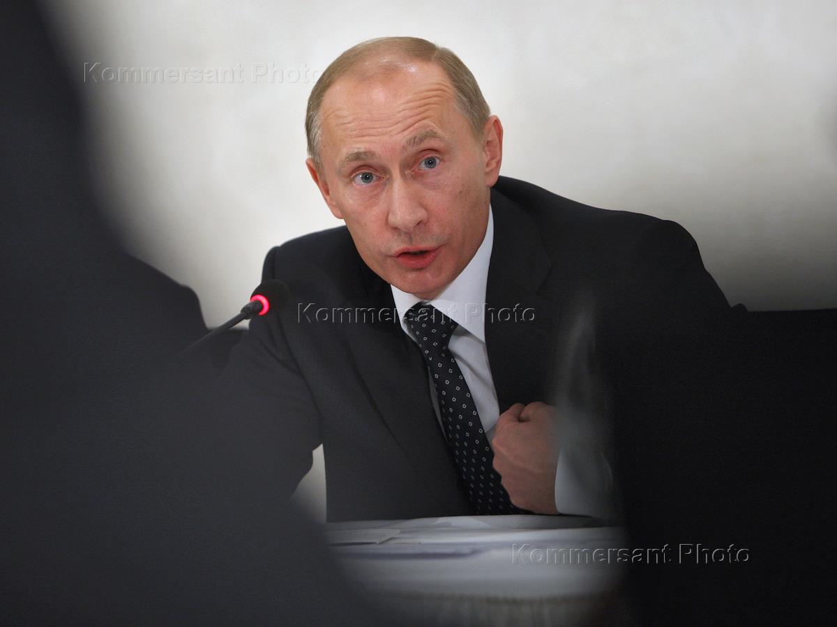 Председатель правительства России Владимир Путин (в центре) во время встречи с главными редакторами германских СМИ в Дрездене.
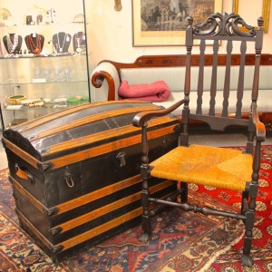 Dome Top Trunk & Elegant Carved Chair with Rush Seat (SOLD)
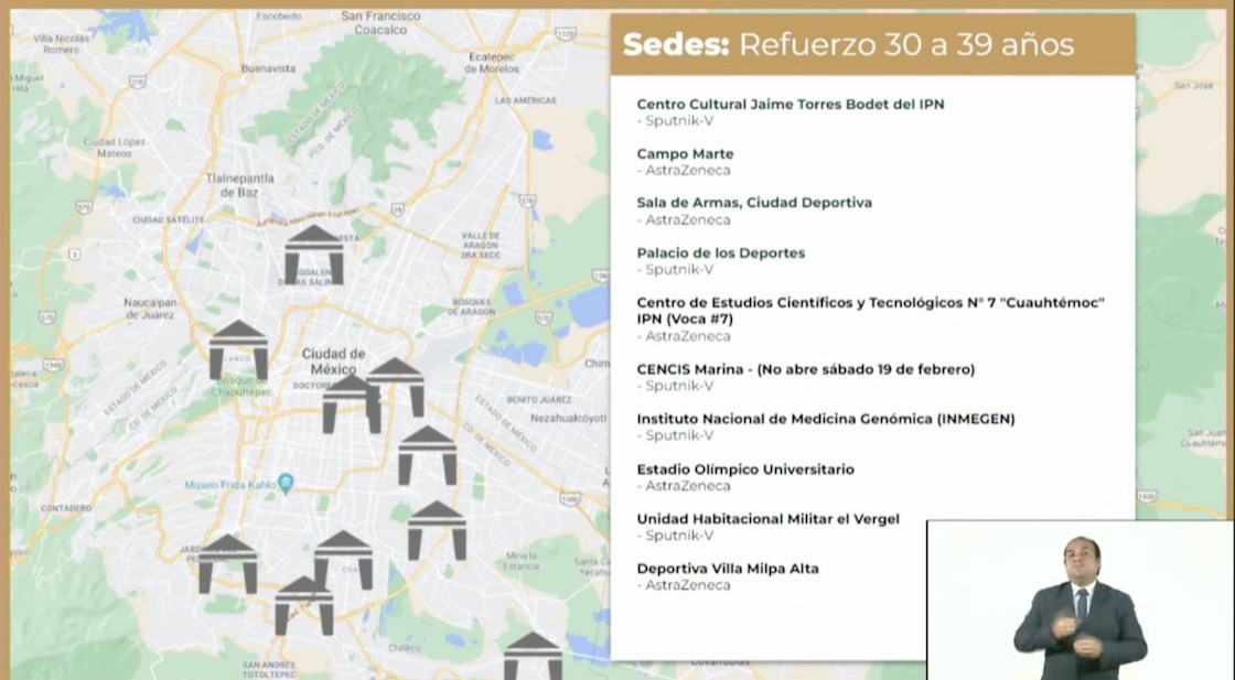 Habrá 10 sedes —que, de hecho, son las mismas que se usaron para jornadas anteriores como la de 40 a 49 años— donde se estarán aplicando las vacunas de AstraZeneca y Sputnik V.
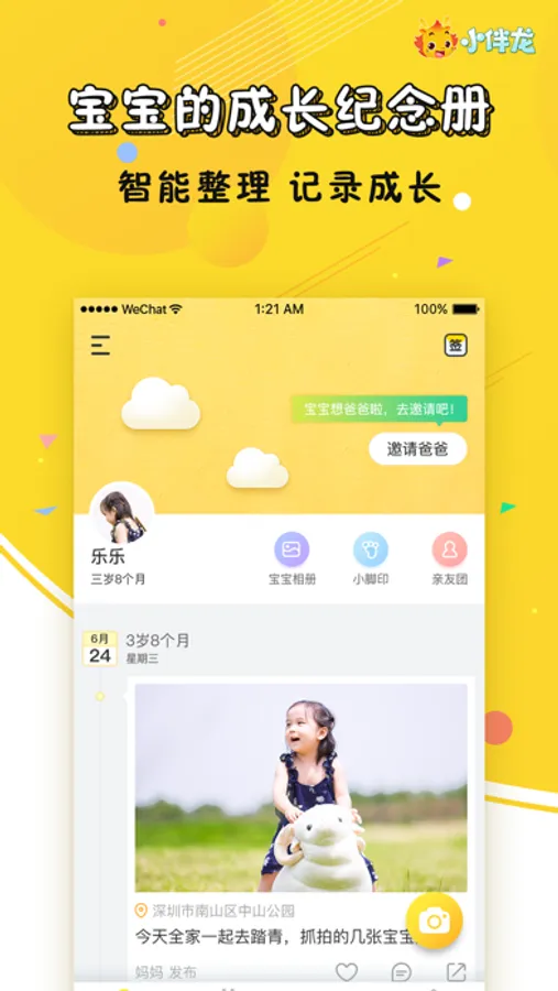 云朵树,宝宝的成长纪念册,由儿童早教品牌“小伴龙”出品,专为孩子父母打造的亲子相册应用。
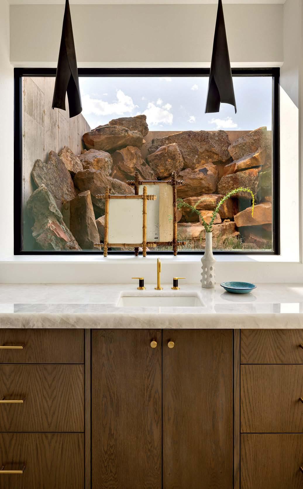 Right: Boulders tumble against a foundational wall, framed by a guest bathroom window, while Kelly Wearstler for Visual Comfort & Co. pendants meld with the view. Polished quartzite from Artistic Tile and a California Faucets fixture top William Ohs cabinetry.
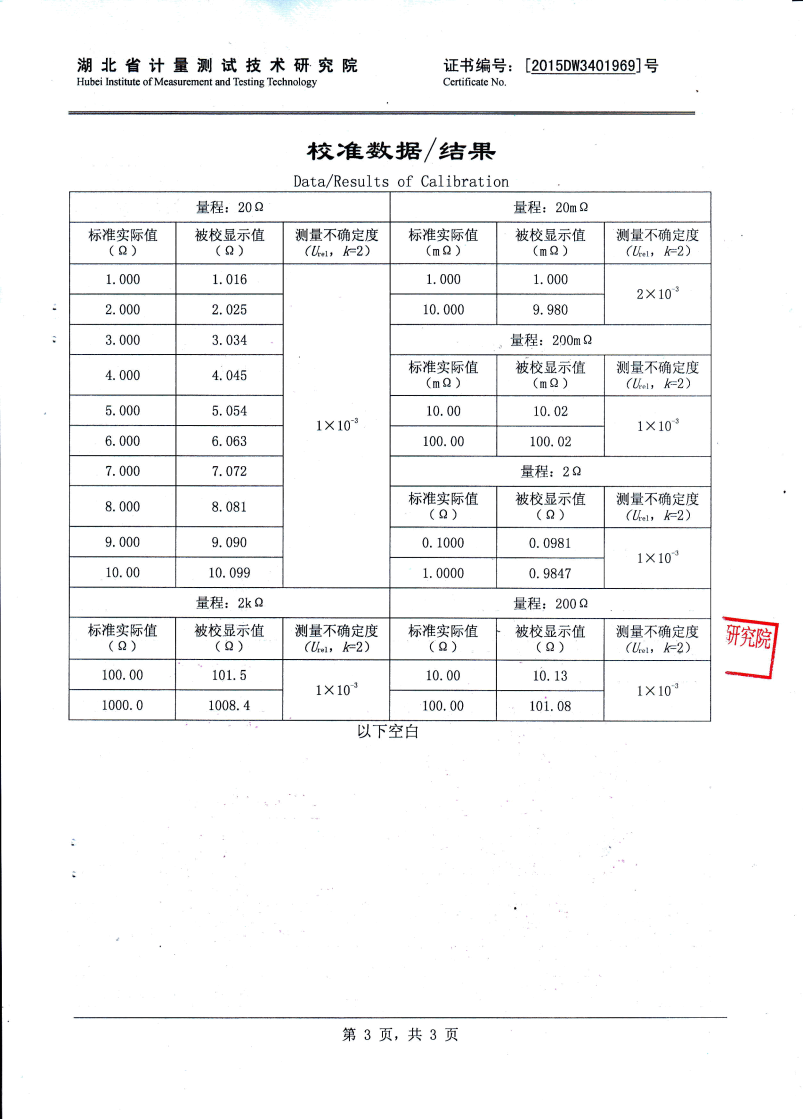 5A 10A 20A 檔最大分辨率1μΩ 50A 100A檔最大分辨率0.1μΩ |
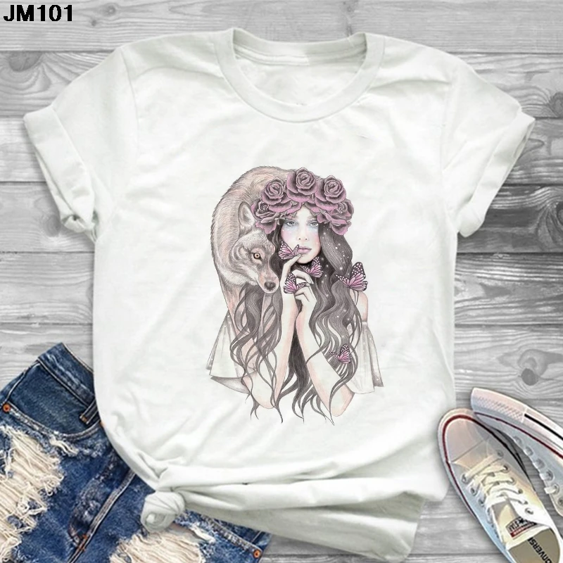Женская белая футболка в стиле Харадзюку, футболка с принтом красив...
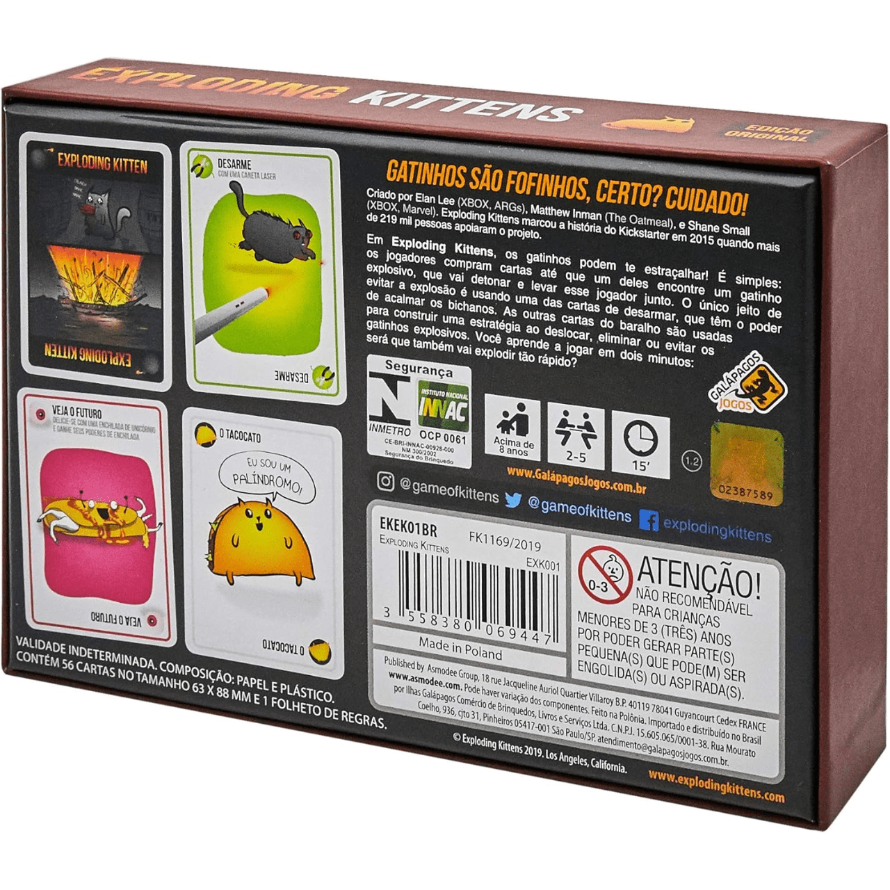 Conteúdo da embalagem: 56 Cartas e 1 Folheto de Regras.
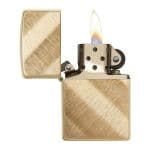 بافت مورب برنجی کلاسیک، یک پرداخت جدید و باشکوه را معرفی میکند. برسکاری جهتدار، عمق و تُنهای جدیدی به فندک برنجی میبخشد. کنارههای پرداختشدهی غلطشی، ظاهر آن را تکمیل میکنند. با یک درج طلاییرنگ برای افزایش پیچیدگی و کارایی همراه شده است. در یک جعبهی هدیه بستهبندی شده است. برای عملکرد بهینه، آن را با سوخت فندک زیپو پر کنید.
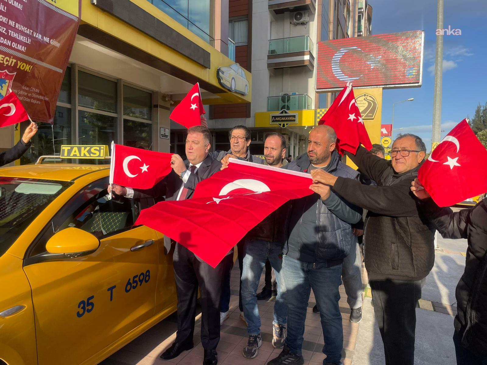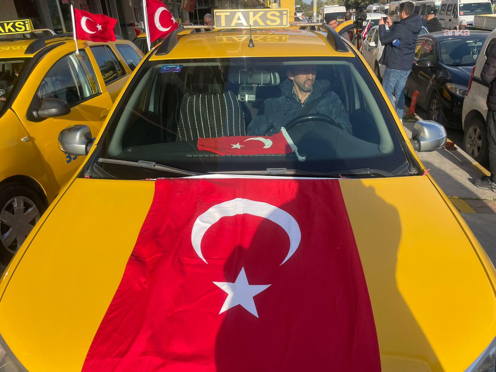 İZMİR’DE TAKSİCİLER TÜRK BAYRAKLARIYLA İŞ BAŞI YAPTI
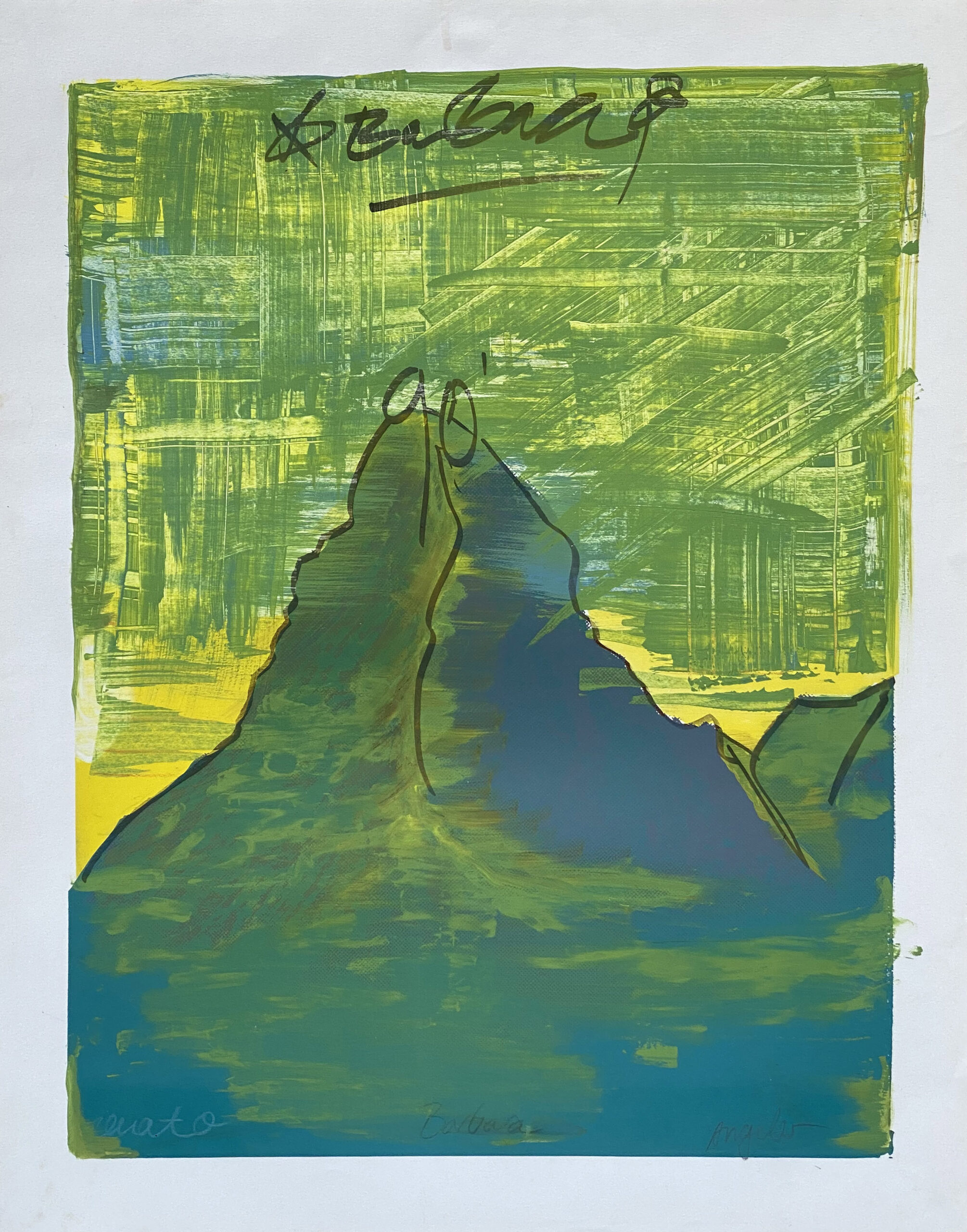 This is serigraphy is a collaboration of the former artist trio Atelier 91 based in Zurich, 1990
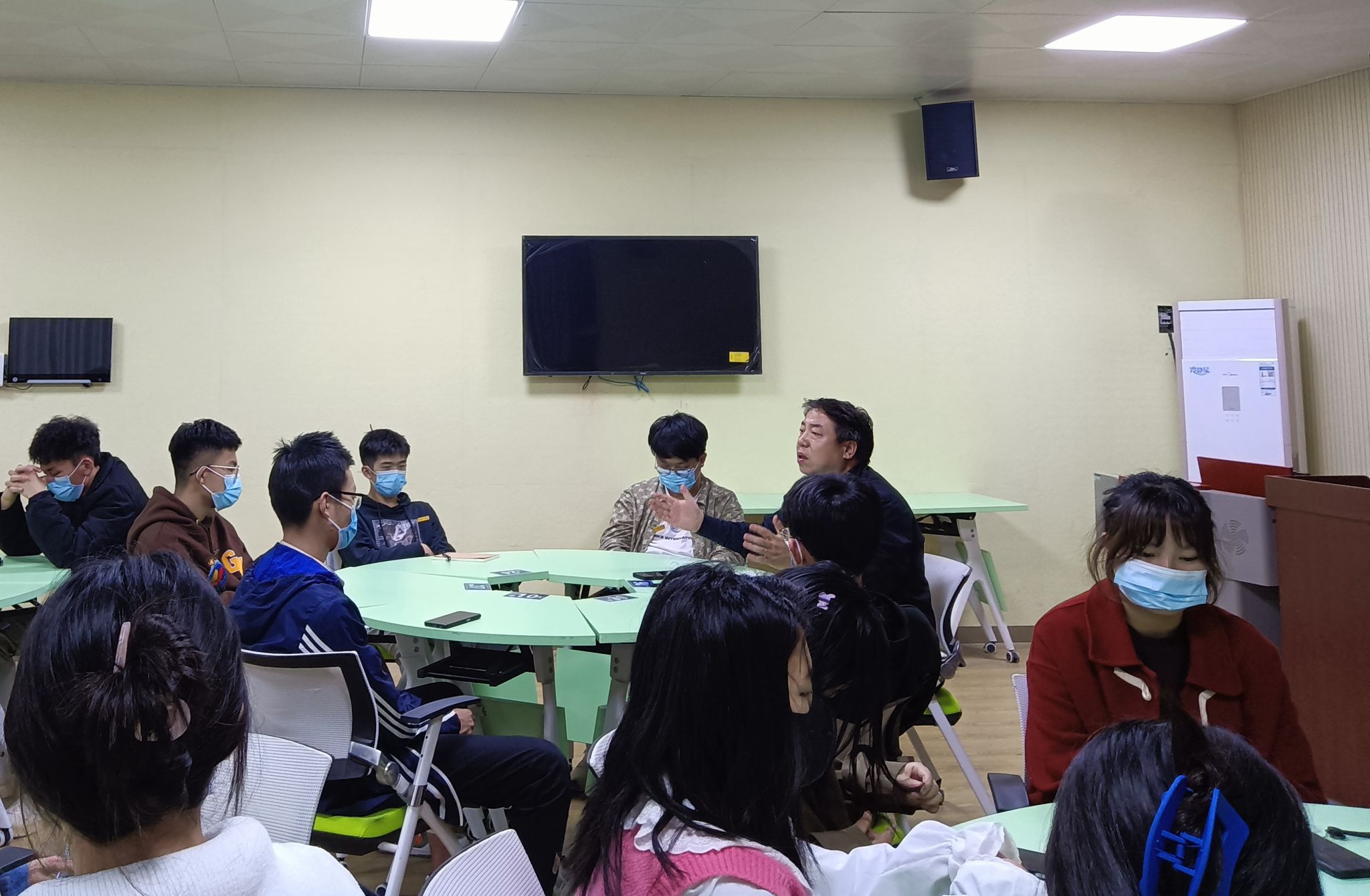 蒋小军首先向学生转达了学院院长袁小陆的希冀,期望通过此次座谈会,深入了解2022级新生入学后的思想、学习、生活状况,帮助他们解决封闭管理期间思想上的困惑、学习上的困难以及生活上的需求。蒋小军与参会学生进行了沟通交流,耐心解答了学生们的提问,并介绍了学院师资队伍、教学环境、生活区域、管理规定等概况,让学生对学院有了更深入的了解。他从自身教育教学经验出发,与同学们分享了育人实例以及学习翻译的心态和方法,鼓励大家要坚持“放声读、认真听、仔细看”,夯实英语基础。
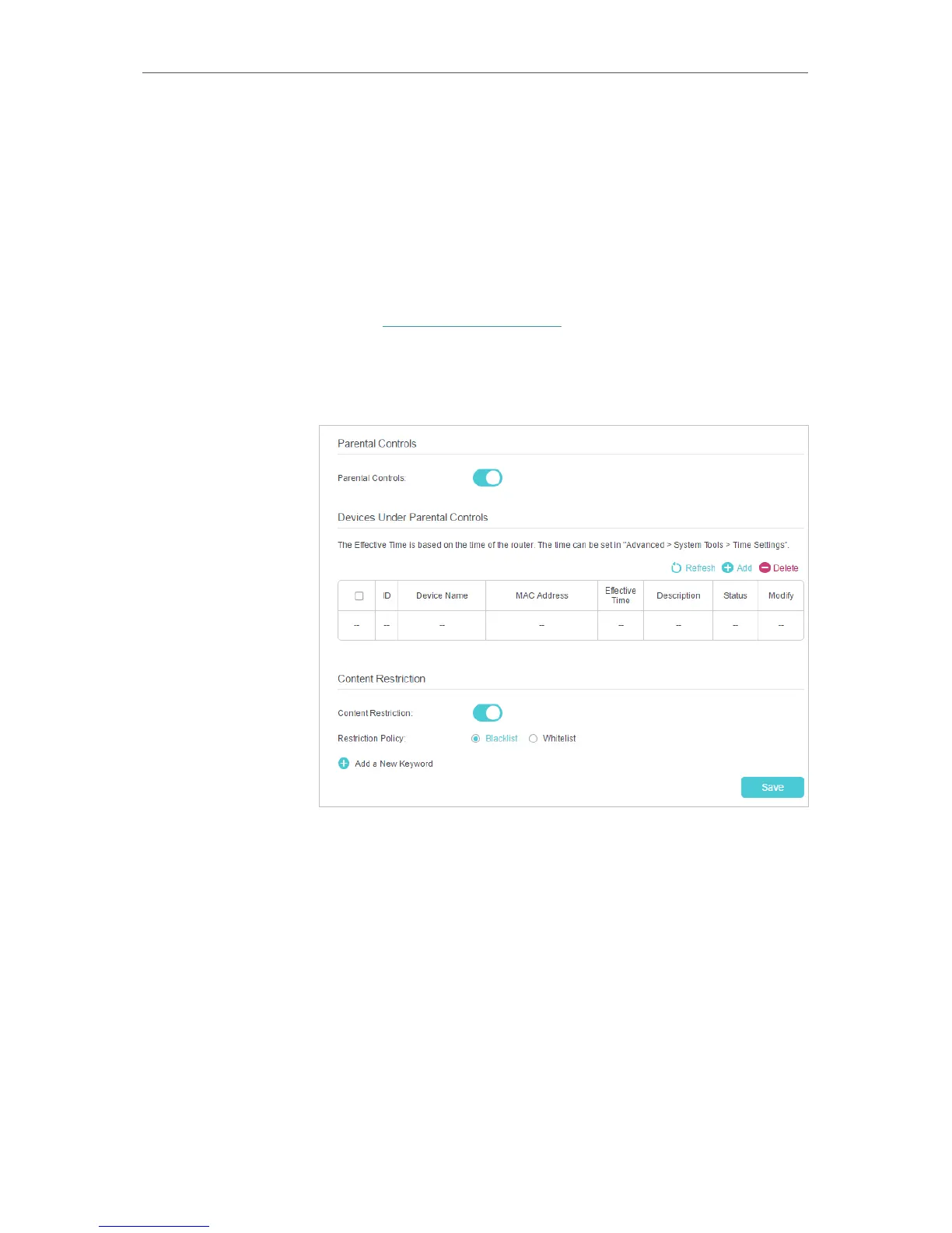 2. Go to Basic or Advanced > Parental Controls and enable
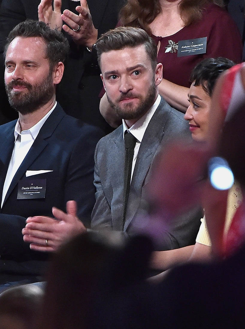 We now live in a world where Justin Timberlake can call himself an Oscar nominee. Small mercies, it’s not for acting. Here’s JT at the Nominees Luncheon yesterday being his flagrant self.
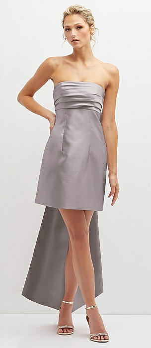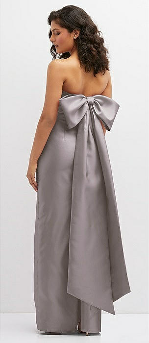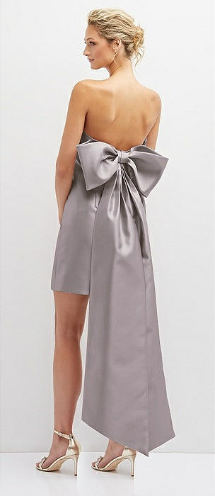Strapless Satin Column Mini Dress with Oversized Bow in cashmere gray
────────────────────
Would you copy the lines above exactly, starting with the one that has "蒋小军首先向学生转达了学院院" and ending with the one that has "We now live", both included, without the pictures?

◆ Response to this exercise
 蒋小军首先向学生转达了学院院长袁小陆的希冀,期望通过此次座谈会,深入了解2022级新生入学后的思想、学习、生活状况,帮助他们解决封闭管理期间思想上的困惑、学习上的困难以及生活上的需求。蒋小军与参会学生进行了沟通交流,耐心解答了学生们的提问,并介绍了学院师资队伍、教学环境、生活区域、管理规定等概况,让学生对学院有了更深入的了解。他从自身教育教学经验出发,与同学们分享了育人实例以及学习翻译的心态和方法,鼓励大家要坚持“放声读、认真听、仔细看”,夯实英语基础。
 2. Go to Basic or Advanced > Parental Controls and enable
 We now live in a world where Justin Timberlake can call himself an Oscar nominee. Small mercies, it’s not for acting. Here’s JT at the Nominees Luncheon yesterday being his flagrant self.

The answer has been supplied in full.